### AIM OF THE EXERCISE:
Reproduce all the data exactly, without pictures.

SOURCE INFORMATION START

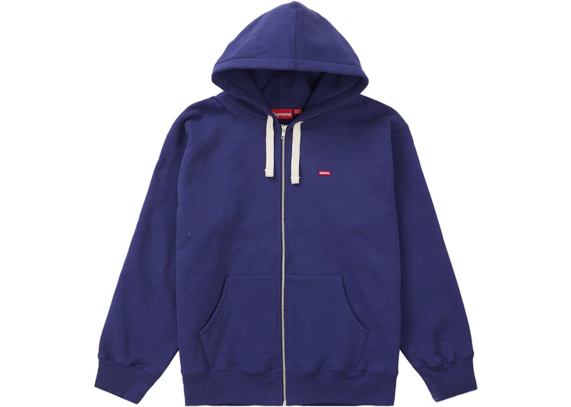 The Supreme Small Box Drawcord Zip Up Hooded Sweatshirt Washed Navy is now available at Side Kicks!
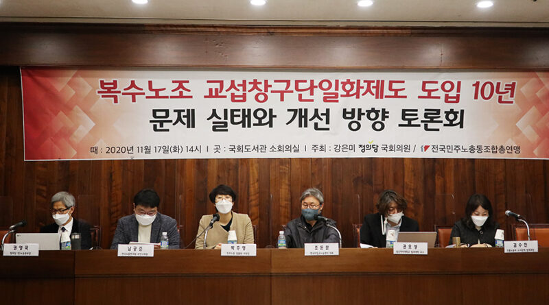 민주노총은 11월 17일 오후 국회에서 ‘복수노조 교섭창구단일화제도 도입 10년 문제 실태와 개선 방향 토론회’를 열었다. 금속노조 콘티넨탈지회, AVO카본코리아지회, 삼우기업지회, 효림산업분회 등 창구단일화 피해사업장 노동자들이 참석해 현장 목소리를 전달했다.
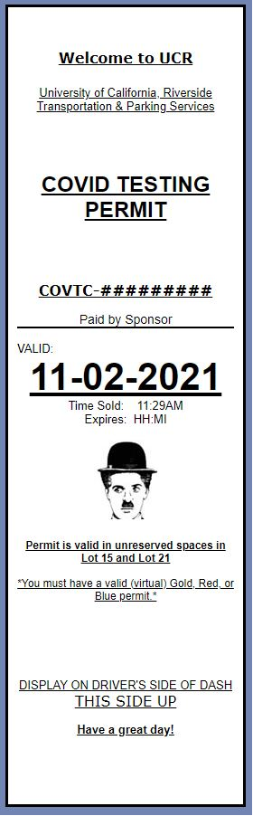 • COVID Testing Permit available at the University Kiosk on West Campus Drive near Parking Lot 1.
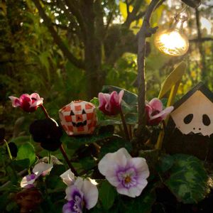 可愛いコ達とダークハロウィンに参加します❣️🤗 昔 グレムリンという映画がありました パパにプレゼントされた可愛いモグワイが三つの誓いを破った為に凶暴なグレムリンに変身してしまうというお話 ご存知の方 多いでしょ❓ 誓いのひとつは水に濡らさない事 ふたつ目は日光にあてない事 みっつ目は真夜中過ぎて餌を与えない事 ハロウィンの為に集まった、このコ達、雨が降れば水に濡れるし、朝がくれば陽を浴びます。 悪いコに変身しないのは、きっと、真夜中過ぎに餌を与えないからね😉 と勝手に妄想 そして もし変身しちゃったら、どんな悪さをするんだろう とまたまた妄想😆 妄想で終わればよいけど‥ って❓(o_o) いやいや脅かさないで このコ達はモグワイではないし、あれは映画の中の話でしょ 仮に悪いコに変身したとして、どんな悪戯をするっていうの❓😌フン ええッ⁉️ 庭の植物 全部引っこ抜いちゃう⁉️😱🙀 ・・・・・ やめて‥ (´༎ຶོρ༎ຶོ`) そんな恐ろしいこと言うの‥ 悪魔やろ‥ 😭😭😭 違う違う このコ達じゃなくて そんなおっとろしい事言う あなた❗️ 悪魔じゃ〜(ToT) 呪われろおぉ〜(´༎ຶོρ༎ຶོ`) いいコでいてね❣️今夜は眠れない〜明日はハロウィンだから🎃〜
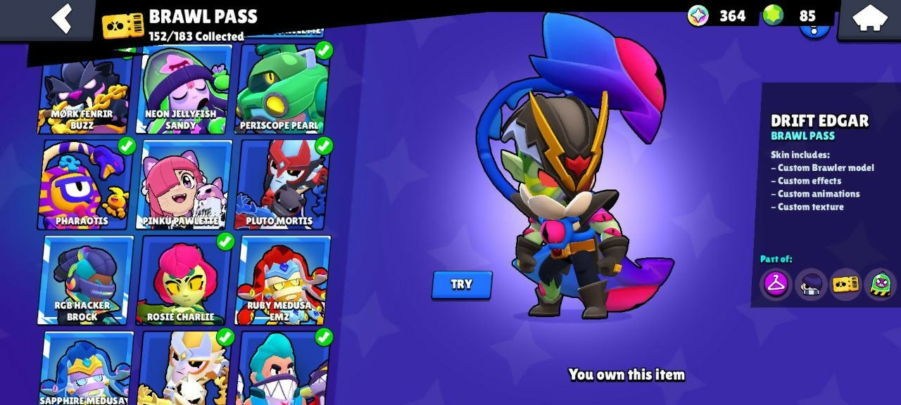✨Big Discount✨✨ 78278✨ ✨ ✨ 2 FULL PRO-PASS + 15 BP ✨ ✨️ 31 TITLES + 11 LEG + 12 MYTH + 122 EPIC SKINS ✨️44 x 11P ✨, trophies 78278, brawlers 94
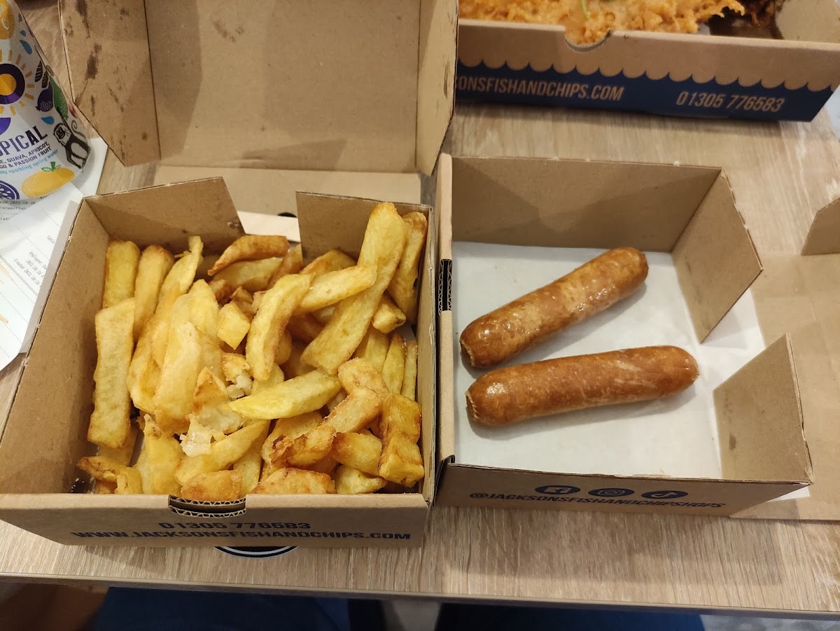Another standout is the Chips and Fishcake. Though a little on the pricier side, it’s a real treat for those looking to try something a little different. The fishcake is beautifully seasoned, and paired with the chips, it creates a comforting and satisfying meal. If you prefer something simpler, the Medium Chips with 2 Plain Sausages is another great option for a quick, no-fuss meal that doesn’t skimp on flavor.

SOURCE INFORMATION END

### EXERCISE RESULT:
 The Supreme Small Box Drawcord Zip Up Hooded Sweatshirt Washed Navy is now available at Side Kicks!
 민주노총은 11월 17일 오후 국회에서 ‘복수노조 교섭창구단일화제도 도입 10년 문제 실태와 개선 방향 토론회’를 열었다. 금속노조 콘티넨탈지회, AVO카본코리아지회, 삼우기업지회, 효림산업분회 등 창구단일화 피해사업장 노동자들이 참석해 현장 목소리를 전달했다.
 • COVID Testing Permit available at the University Kiosk on West Campus Drive near Parking Lot 1.
 可愛いコ達とダークハロウィンに参加します❣️🤗 昔 グレムリンという映画がありました パパにプレゼントされた可愛いモグワイが三つの誓いを破った為に凶暴なグレムリンに変身してしまうというお話 ご存知の方 多いでしょ❓ 誓いのひとつは水に濡らさない事 ふたつ目は日光にあてない事 みっつ目は真夜中過ぎて餌を与えない事 ハロウィンの為に集まった、このコ達、雨が降れば水に濡れるし、朝がくれば陽を浴びます。 悪いコに変身しないのは、きっと、真夜中過ぎに餌を与えないからね😉 と勝手に妄想 そして もし変身しちゃったら、どんな悪さをするんだろう とまたまた妄想😆 妄想で終わればよいけど‥ って❓(o_o) いやいや脅かさないで このコ達はモグワイではないし、あれは映画の中の話でしょ 仮に悪いコに変身したとして、どんな悪戯をするっていうの❓😌フン ええッ⁉️ 庭の植物 全部引っこ抜いちゃう⁉️😱🙀 ・・・・・ やめて‥ (´༎ຶོρ༎ຶོ`) そんな恐ろしいこと言うの‥ 悪魔やろ‥ 😭😭😭 違う違う このコ達じゃなくて そんなおっとろしい事言う あなた❗️ 悪魔じゃ〜(ToT) 呪われろおぉ〜(´༎ຶོρ༎ຶོ`) いいコでいてね❣️今夜は眠れない〜明日はハロウィンだから🎃〜
✨Big Discount✨✨ 78278✨ ✨ ✨ 2 FULL PRO-PASS + 15 BP ✨ ✨️ 31 TITLES + 11 LEG + 12 MYTH + 122 EPIC SKINS ✨️44 x 11P ✨, trophies 78278, brawlers 94
Another standout is the Chips and Fishcake. Though a little on the pricier side, it’s a real treat for those looking to try something a little different. The fishcake is beautifully seasoned, and paired with the chips, it creates a comforting and satisfying meal. If you prefer something simpler, the Medium Chips with 2 Plain Sausages is another great option for a quick, no-fuss meal that doesn’t skimp on flavor.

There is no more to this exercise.